Press TV - Germany’s Foreign Ministry says the country’s top diplomat Heiko Maas is to travel to Tehran next week to address ways to save the 2015 nuclear agreement between Iran and six world powers.
The ministry spokeswoman, Maria Adebahr, made the announcement during a news conference in Berlin on Thursday, adding that Maas will be in Tehran on Monday and he plans to meet his Iranian counterpart Mohammed Javad Zarif.
The nuclear deal, officially known as the Joint Comprehensive Plan of Action (JCPOA), was concluded in July 2015 between Iran and the P5+1 group of states -- the United States, the UK, France, Russia and China, plus Germany.
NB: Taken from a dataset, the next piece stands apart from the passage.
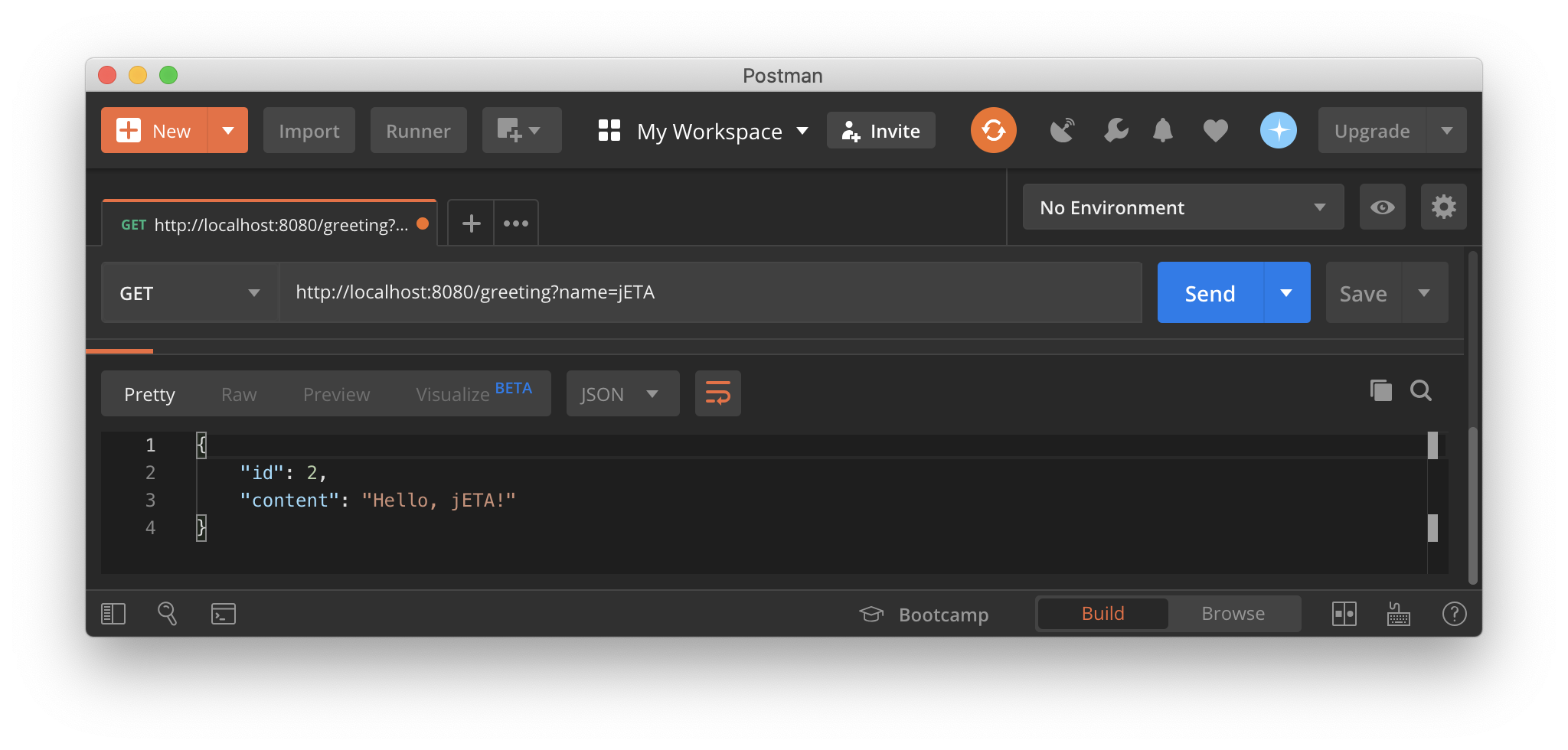 다음과 같이 QueryString 파라미터 name을 추가하면 이전과 다른 응답을 받을 수 있습니다: http://localhost:8080/greeting?name=jETA

The US, however, left the accord last May and re-imposed the sanctions that had been lifted under it.
Washington quit the agreement despite international criticism and although the deal had been ratified in the form of a United Nations Security Council resolution.
The US withdrawal was coupled with the Europeans’ failure to fully live up to their obligations under the deal by preserving their trade with Tehran despite the US sanctions.
On the first anniversary of the US withdrawal from the nuclear pact, Iran announced that it would suspend the implementation of some of its contractual commitments.
It said it would stop exporting excess uranium and heavy water, setting a 60-day deadline for the five remaining parties to the deal to take practical measures towards ensuring Tehran’s interests in the face of the American bans.
Iran said its decision was meant to remind the deal’s European parties that they, too, had to commit to their obligations under the JCPOA.
The German spokesperson said that the trip has been agreed and coordinated with Britain and France, who have both supported the JCPOA.
Maas has also discussed the trip with US Secretary of State Mike Pompeo during a recent visit to Berlin, Adebahr said.
Earlier in the day, Japan’s Kyodo news agency said Prime Minister Shinzo Abe was also set to pay an official visit to Iran to seek to lower heightened tensions between Tehran and Washington.
Aside from leaving the JCPOA and returning its bans, the US has dispatched an aircraft carrier strike group, a bomber taskforce, an amphibious assault ship, and around 1,500 additional US troops to the Middle East region, citing an alleged intention on the part of Tehran to target the American interests here.
Iran has sternly cautioned against the US warlike efforts, noting that the region could not take any more conflict. It has also advised Washington to resume its obligations under the nuclear accord.